Problem
Anthropic's prompt-caching API needs cache_control: {"type": "ephemeral"} markers on system blocks, tools entries, and messages to hit the 5-minute cache and get ~90% discount on cached input tokens (plus better TTFT). Today selectools.providers.anthropic_provider.AnthropicProvider sends:
# anthropic_provider.py:166-174 (sync complete) and :503-509 (acomplete)
request_args = {
"model": model_name,
"system": system_prompt, # plain string — no cache_control possible
"messages": payload,
...
}
if tools:
request_args["tools"] = [self._map_tool_to_anthropic(t) for t in tools]
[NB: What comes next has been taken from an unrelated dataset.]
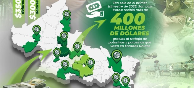 En San Luis Potosí, en el primer trimestre de 2025, se recibieron más de 400 millones de dólares gracias al trabajo de potosinas y potosinos que viven en Estados Unidos los cuales mandan ingresos a sus familias que en promedio oscilan entre 300 y 380 dólares mensuales.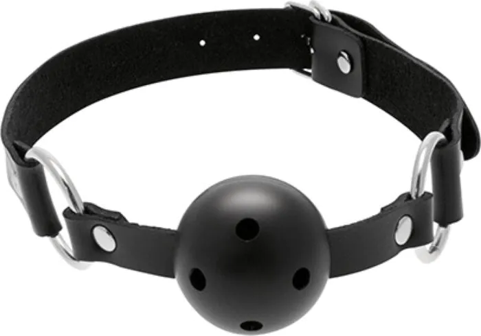 C'est un bâillon boule destiné aux amateurs de jeux de domination et soumission qui privilégient la respiration et le confort. La sphère en gomme souple offre une prise en bouche ferme sans rigidité excessive, et ses ouvertures permettent de respirer plus facilement qu'avec une boule pleine. Les anneaux métalliques relient la boule à une lanière en cuir, fermée par une boucle ajustable pour s'adapter à plusieurs tailles de tête.

# anthropic_provider.py:474-481
def _map_tool_to_anthropic(self, tool: Tool) -> Dict[str, Any]:
return {
"name": schema["name"],
"description": schema["description"],
"input_schema": schema["parameters"],
# no cache_control hook
}
Installed anthropic SDK is 0.95.0 — new enough to support caching; the gap is purely in the wrapper.
Impact for consumers
A real-world profile from Sheriff (WhatsApp finance agent on Haiku 4.5):
- Static system instructions: ~500 tokens
- Category list: ~100-500 tokens (stable within session)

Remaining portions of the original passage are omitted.